[Dataset excerpts]
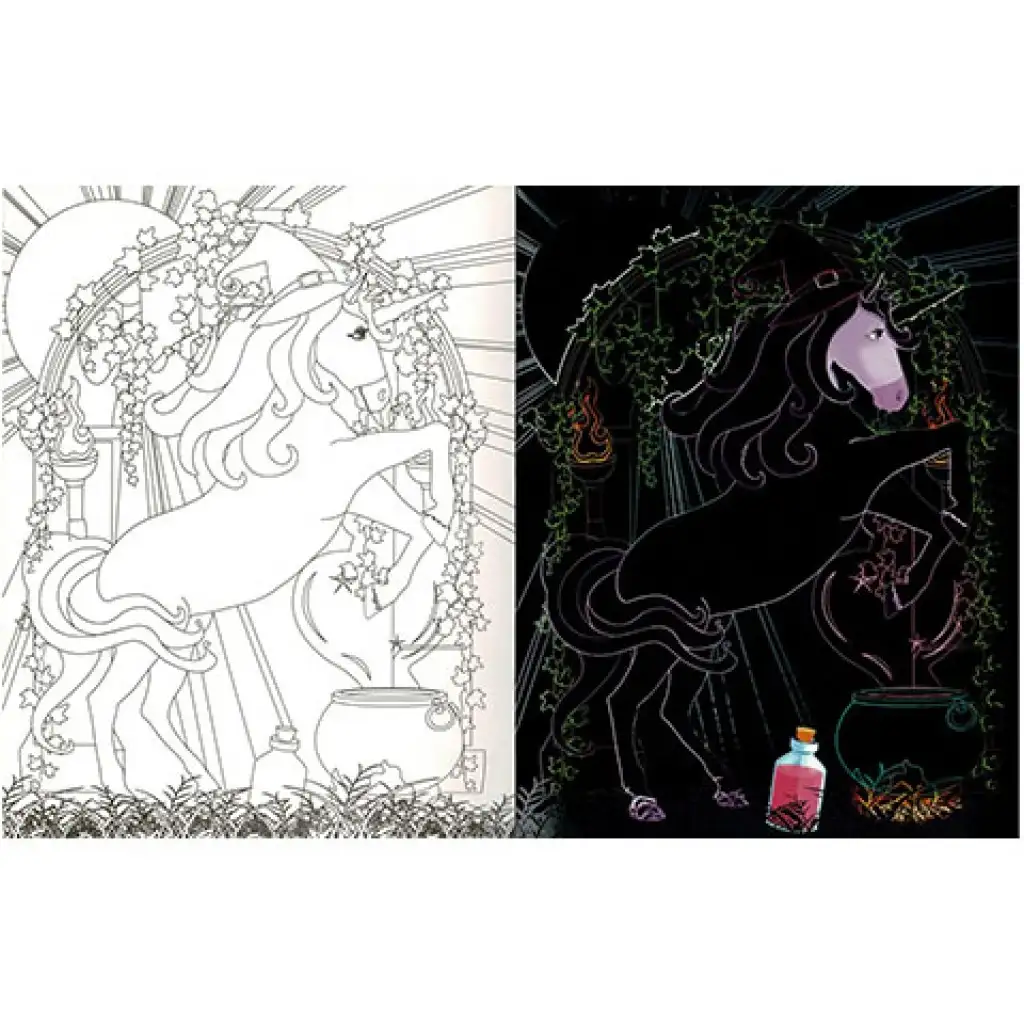 S touto speciální omalovánkou mohou děti objevovat úžasný svět jednorožců! Pomocí přiložené tyčinky stačí seškrábat černou vrstvu a okamžitě se objeví nádherný, barevný svět na stránkách! Kromě toho mohou děti na stránkách určených k vybarvování vytvořit svou vlastní verzi. Jakmile je dílo hotové, díky lepené vazbě lze stránku snadno a v dobrém stavu vyjmout, což je skvělý dárek pro přítele nebo ideální obrázek na stěnu pokoje.
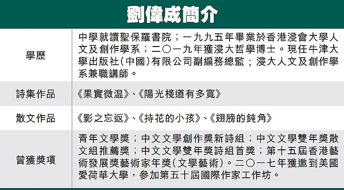對於有志寫作的讀者,劉博士亦分享了鍛煉文筆的小心得,「我平常會翻譯一些外語詩,反覆思考譯成不同字眼的分別,慢慢便會培養對文字的敏感度。」誠然,寫作不能一蹴而就,只可以在日常中慢慢累積,正如劉偉成博士一路走來,不時疏理個人的感受,加上一點一滴的生活經驗,最終才能化成筆尖滲出具生命力的墨水。
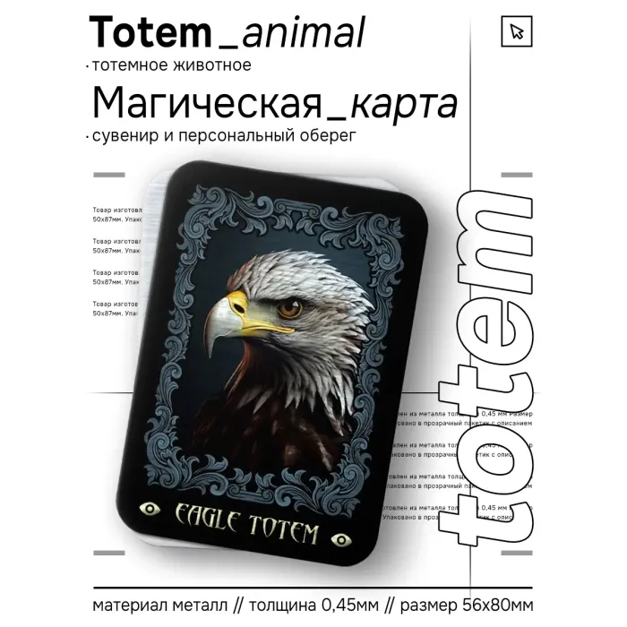 Магическая карта Totem размером 5,6х8 см изготовлена из металла толщиной 0,45 мм и упакована в пакетик с описанием. Тотемное животное Орёл символизирует власть, благородство и отвагу. Люди, находящиеся под защитой орла, достигают своих целей благодаря невероятной силе воли. Эта карта станет не только стильным аксессуаром, но и источником вдохновения для преодоления трудностей.
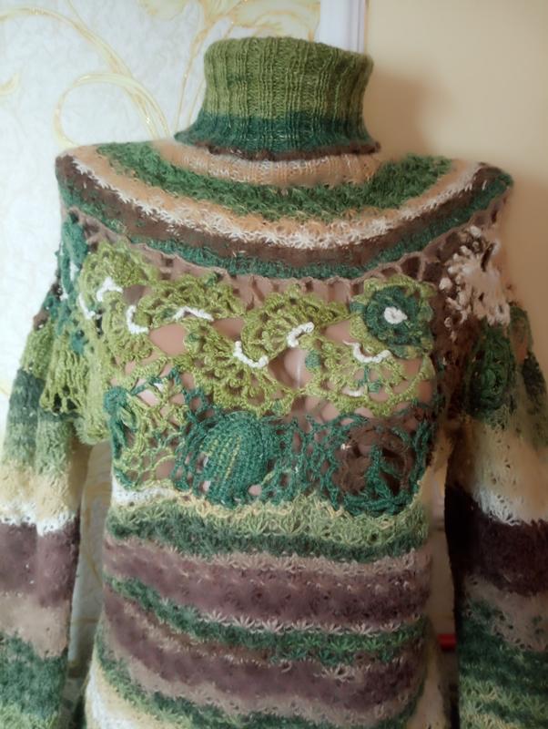 Жіночий в'язаний светр ручної роботи "мега-листя"
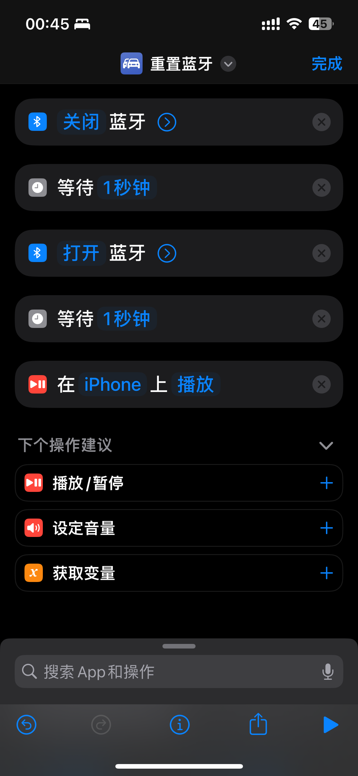 快捷指令命令如图。此快捷指令可以手动运行,但是Siri运行就会卡在关闭蓝牙的状态

* **PROBLEM DESCRIPTION**
Will you set down the records word for word while leaving out every picture?

* **ANSWER SECTION**
 S touto speciální omalovánkou mohou děti objevovat úžasný svět jednorožců! Pomocí přiložené tyčinky stačí seškrábat černou vrstvu a okamžitě se objeví nádherný, barevný svět na stránkách! Kromě toho mohou děti na stránkách určených k vybarvování vytvořit svou vlastní verzi. Jakmile je dílo hotové, díky lepené vazbě lze stránku snadno a v dobrém stavu vyjmout, což je skvělý dárek pro přítele nebo ideální obrázek na stěnu pokoje.
對於有志寫作的讀者,劉博士亦分享了鍛煉文筆的小心得,「我平常會翻譯一些外語詩,反覆思考譯成不同字眼的分別,慢慢便會培養對文字的敏感度。」誠然,寫作不能一蹴而就,只可以在日常中慢慢累積,正如劉偉成博士一路走來,不時疏理個人的感受,加上一點一滴的生活經驗,最終才能化成筆尖滲出具生命力的墨水。
 Магическая карта Totem размером 5,6х8 см изготовлена из металла толщиной 0,45 мм и упакована в пакетик с описанием. Тотемное животное Орёл символизирует власть, благородство и отвагу. Люди, находящиеся под защитой орла, достигают своих целей благодаря невероятной силе воли. Эта карта станет не только стильным аксессуаром, но и источником вдохновения для преодоления трудностей.
 Жіночий в'язаний светр ручної роботи "мега-листя"
 快捷指令命令如图。此快捷指令可以手动运行,但是Siri运行就会卡在关闭蓝牙的状态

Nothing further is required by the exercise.